Data Bonus - "Kaplan Meier"
Learning outcomes
After having completed this chapter you will be able to:
- Load data into R
- Explore some TCGA data to perform Kaplan-Meier curves
- Understand the statistical concepts of KM curves
Exercises
TCGA
Background
TCGA stands for the cancer genome atlas. Choose your favourite cancer and download some clinical information and some genetical information on those patients (you can try for instance Cervix cancer CESC).
Hint
Download and use the TCGAbiolinks package to be able to retrieve more easily data.
query <- GDCquery(project = "TCGA-CESC",
data.category = "Gene expression",
data.type = "Gene expression quantification",
experimental.strategy = "RNA-Seq",
platform = "Illumina HiSeq",
file.type = "results",
legacy = TRUE)
# Download a list of barcodes with platform IlluminaHiSeq_RNASeqV2
GDCdownload(query)
#prepare table
?GDCprepare
CESCrnaseqSE <- GDCprepare(query,save=TRUE,save.filename="object_tcga_cesc")
head(CESCrnaseqSE)
library(SummarizedExperiment)
CESCMatrix <- assay(CESCrnaseqSE,"raw_count")
## retrieve clinical data
clin.cesc <- GDCquery_clinic("TCGA-CESC", "clinical")
Questions
- Inspect the dataset
- Choose 2 columns of quantiative measures (or change a qualitatif measure into a quantitatif measure) and see if there is a significant association between those variables.

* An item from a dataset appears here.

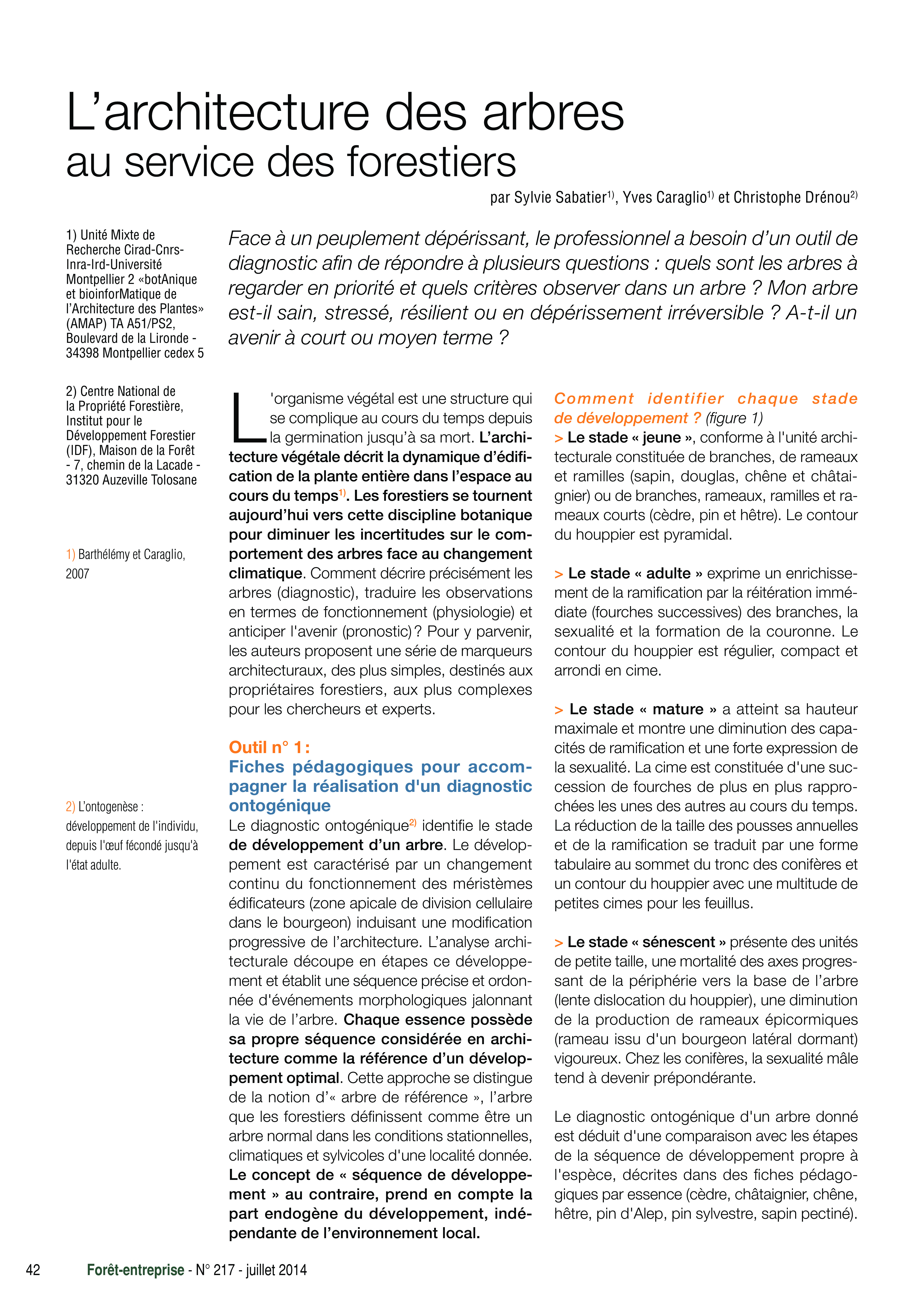 SABATIER S., CARAGLIO Y. & DRENOU Ch., 2014. L'architecture des arbres au service des forestiers in Dossier "Changement climatique : de nouveaux outils pour guider l'adaptation". Forêt-Entreprise n°217, Juillet 2014. pp 42-45.

- Formulate point 2 into a biological null hypothesis and then into a statistical one
- Still using TCGAbiolinks package try to assess if the chosen meta data columns are associated with survival
- TCGAbiolinks provides a framework to do the survival curves, what if you have not TCGA data, how would you have written it ?
Hint
Check the code of the function, do you know how ? Hint of the hint: write the function in R without the parenthesis.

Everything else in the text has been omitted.